Qualche giorno fa un ragazzo, poco più che quattordicenne, mi ha detto di aver voglia di provare cose nuove…
Complice l’inizio della primavera, un bel po’ di ormoni in circolo e un ritrovato senso di benessere dopo un bel pezzo di terapia, aveva di nuovo voglia di fare quello che sapeva fare meglio prima di un po’ di avvenimenti funesti: l’adolescente!

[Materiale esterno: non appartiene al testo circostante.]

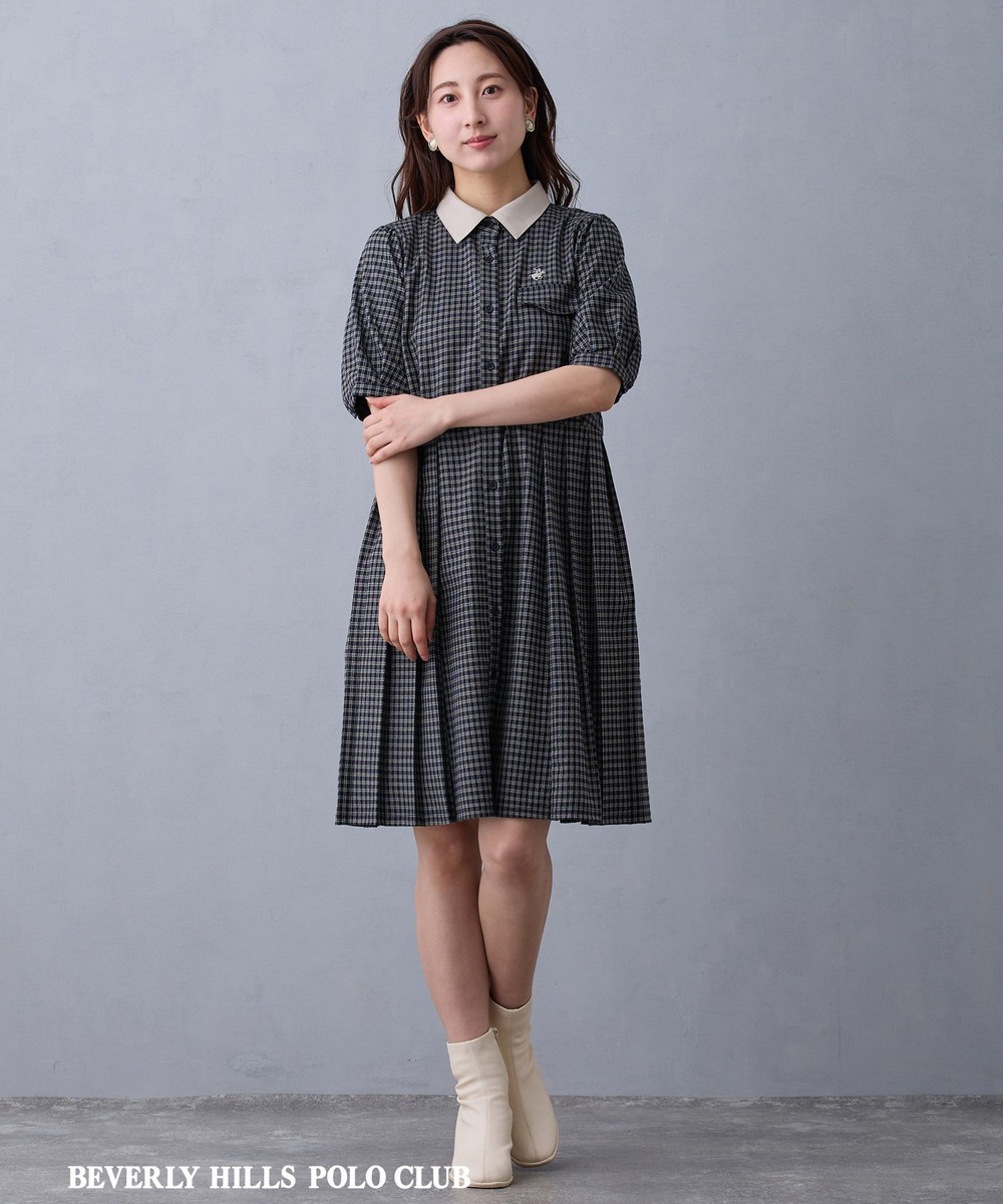 衿の配色がクラシカルなワンピース。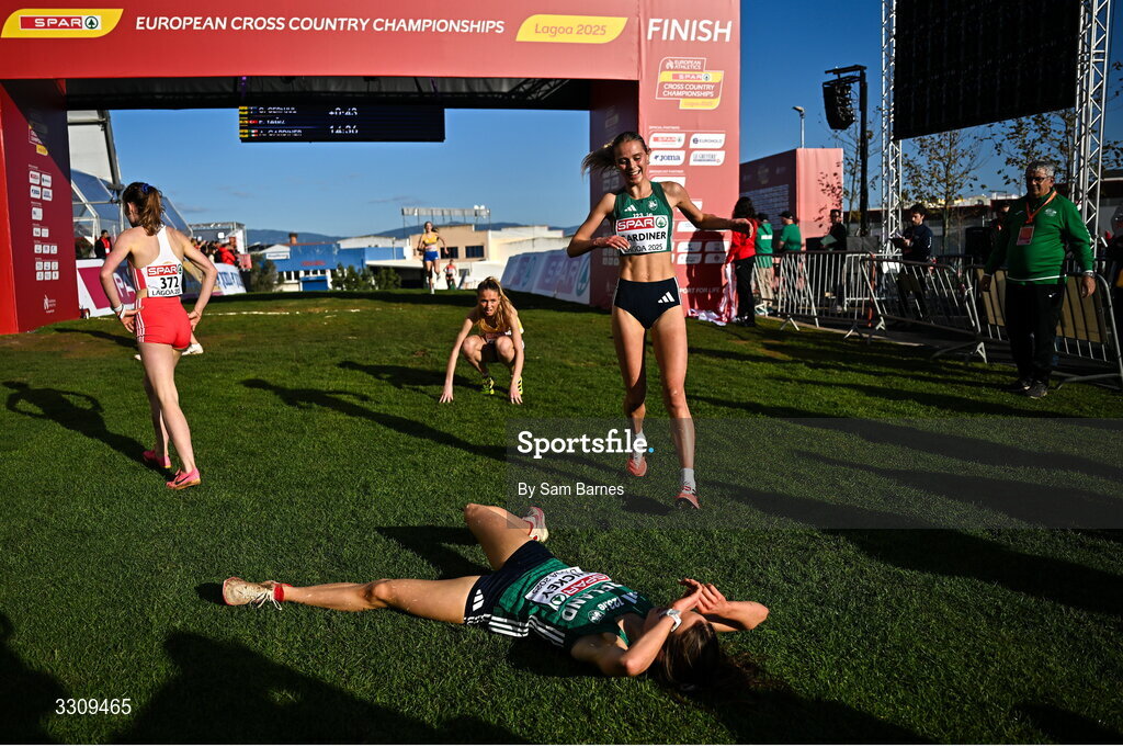 14 December 2025; Emma Hickey of Ireland reacts after finishing third in the U20 women's race at the 2025 SPAR European Cross Country Championships in Lagoa, Portugal. Photo by Sam Barnes/Sportsfile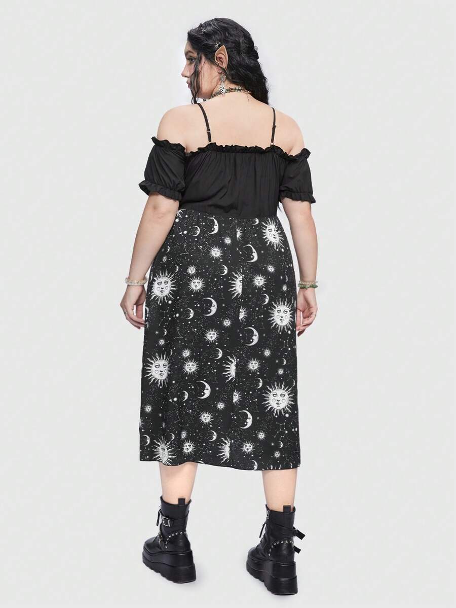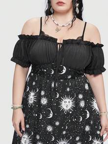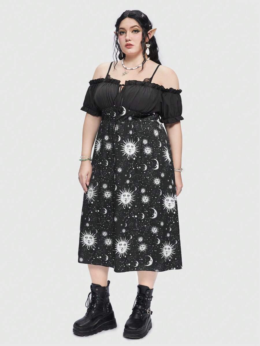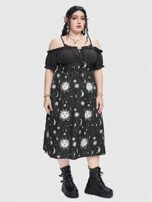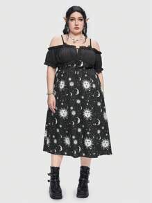 Heymoonly Fairycore Plus Galaxy Print Cold Shoulder Dress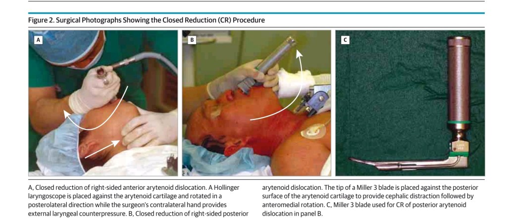 This could be attributed to either unilateral vocal cord palsy or arytenoid subluxation, considering the patient’s history of intubation and prior endolaryngeal surgery. I came across an intriguing article (here) on arytenoid reduction procedures. I encourage you to read the complete article. The question at hand is whether this procedure can be considered for an infant?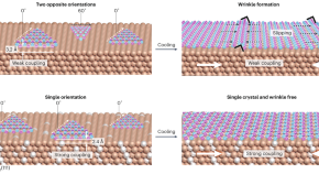 Although single-crystal (SC) 2D materials can be grown on atomic sawtooth metal surfaces, the formation mechanism during the melting-solidification process remains unclear. Here authors reveal that solidification starts at high-index facets and spreads, forming a SC atomic sawtooth surface.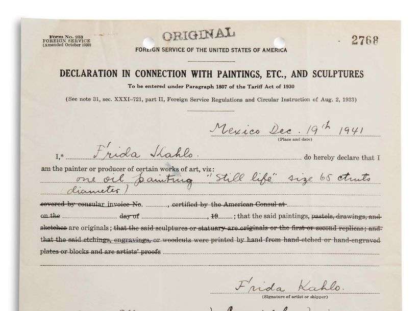 Déclaration d’envoi aux États-Unis d’une de ses œuvres intitulé Still Life, contresignée par le vice-consul des États-Unis au Mexique. Frida Kahlo certifi e qu’elle est l’auteur d’une peinture à l’huile, Still Life, mesurant 65 centimètres de diamètre | qu’il s’agit d’un original | que le prix est 300 dollars | qu’il est transporté par Miss Paulette GODDARD en avion jusqu’à Brownsville (Texas). [Il s’agit ici de son tableau Panier de fl eurs, alors désigné comme « Nature morte », peint par Frida Kahlo en 1941. Frida Kahlo venait de se remarier avec Diego Rivera (après leur divorce en 1938). L’actrice américaine Paulette GODDARD (1910-1990) a rencontré pour la première fois Frida Kahlo en 1941, et fut un temps la maîtresse de Diego Rivera.]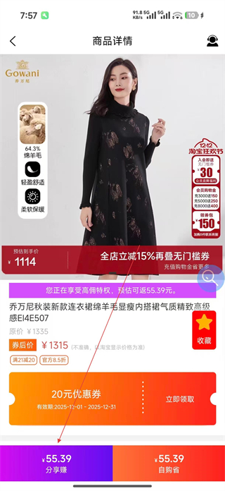 3、在商品詳情查看商品的原價券后價等信息,領取對應的優惠券,確認商品規格和優惠力度后,點擊下方的分享商品按鈕。
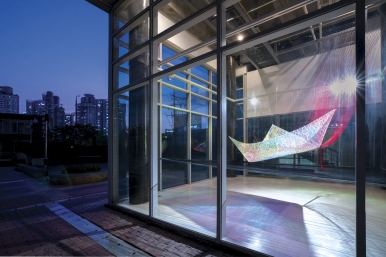 전시장 안을 부유하는 투명한 종이배는 시간과 빛에 따라 변모합니다. 낮에는 유리를 통과한 자연광을 받아 더욱 반짝이고, 밤에는 반사되는 빛에 의해 어둠 속에서 강렬한 존재감을 드러냅니다. 이 반짝임은 시작과 끝의 경계를 지나는 모든 생명에게 보내는 찬사이자 응원이며, 끝맺음을 향한 여정이 찬란하고 아름다울 수 있기를 바라는 작가의 마음을 담고 있습니다.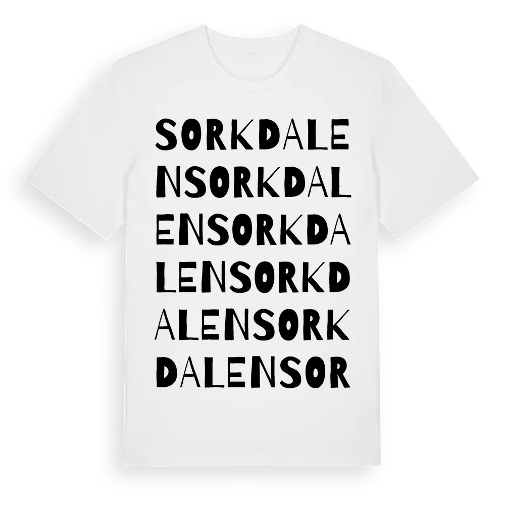 Sorkdalen ordlek t-shirt är inspirerad av Sorkdalen i Värmlands län, Sverige. Tröjan är designad för dig som har en speciell koppling till platsen – oavsett om du bor här, har rötterna här eller bara älskar Sorkdalen.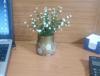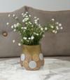 Bosphorus 2 ADET VAZO DAHİL,VAZODA ÇİÇEK,BEYAZ YAPAY ÇİÇEK,VAZO DEKORATİF ALTIN PUANLI POLİRESİN 9X9X15CM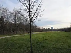 Der Park des Ökologischen Bildungszentrums befinden sich auf einem ehemaligen Kies- und Lehmabbaugebiet, das ursprünglich für eine Trasse der Tangente 5-Ost reserviert war. Gegen Ende der 1980er Jahre wurde jedoch diese Fläche umgewidmet, um sie für kulturelle Zwecke und zur Naherholung zu nutzen. Im Rahmen einer Bürgerbeteiligung wurden in der Entstehungsphase des ÖBZ die unterschiedlichen Nutzungsbereiche fixiert.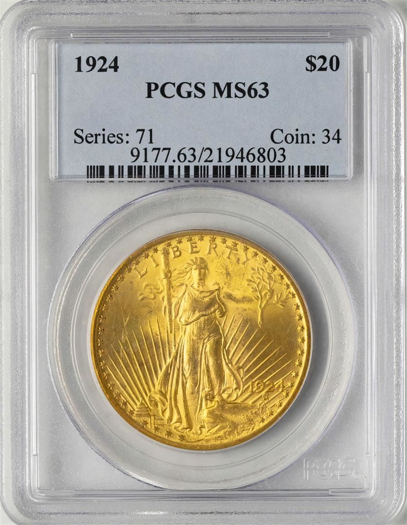 One 1924 $20 St. Gaudens Double Eagle Gold Coin PCGS MS63. PCGS Graded.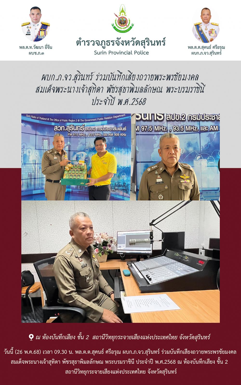 26 พ.ค. 2568 10:54:09ผบก.ภ.จว.สุรินทร์ ร่วมบันทึกเสียงถวายพระพรชัยมงคล สมเด็จพระนางเจ้าสุทิดา พัชรสุธาพิมลลักษณ พระบรมราชินี ประจำปี พ.ศ.2568 วันนี้ (26 พ.ค.68) เวลา 09.30 น. พล.ต.ต.สุคนธ์ ศรีอรุณ ผบก.ภ.จว.สุรินทร์ ร่วมบันทึกเสียงถวายพระพรชัยมงคล สมเด็จพระนางเจ้าสุทิดา พัชรสุธาพิมลลักษณ พระบรมราชินี ประจำปี พ.ศ.2568 ...

Naturalmente questo mi ha fatto sentire grata e felice per il suo percorso, ma poi ho pensato, mentre provava ad immaginare a voce alta quello che avrebbe provato volentieri, che c’era ben poco di fattibile, causa restrizioni COVID…
Se qualcuno avesse detto alla me quattordicenne di uscire il meno possibile, di evitare baci e abbracci con le mie amiche di allora, di scambiarsi i vestiti, di assaggiare per la prima volta una birra dalla bottiglia del tipo figo del gruppo… se mi avessero detto che non c’erano bar, negozi, nemmeno una gelateria aperti… se mi avessero detto che avrei studiato da casa, insieme a mia sorella più piccola nell’altra stanza e senza incontrare gli altri davanti scuola o fermarsi all’uscita per un po’ (l’unica cosa meravigliosa del liceo)…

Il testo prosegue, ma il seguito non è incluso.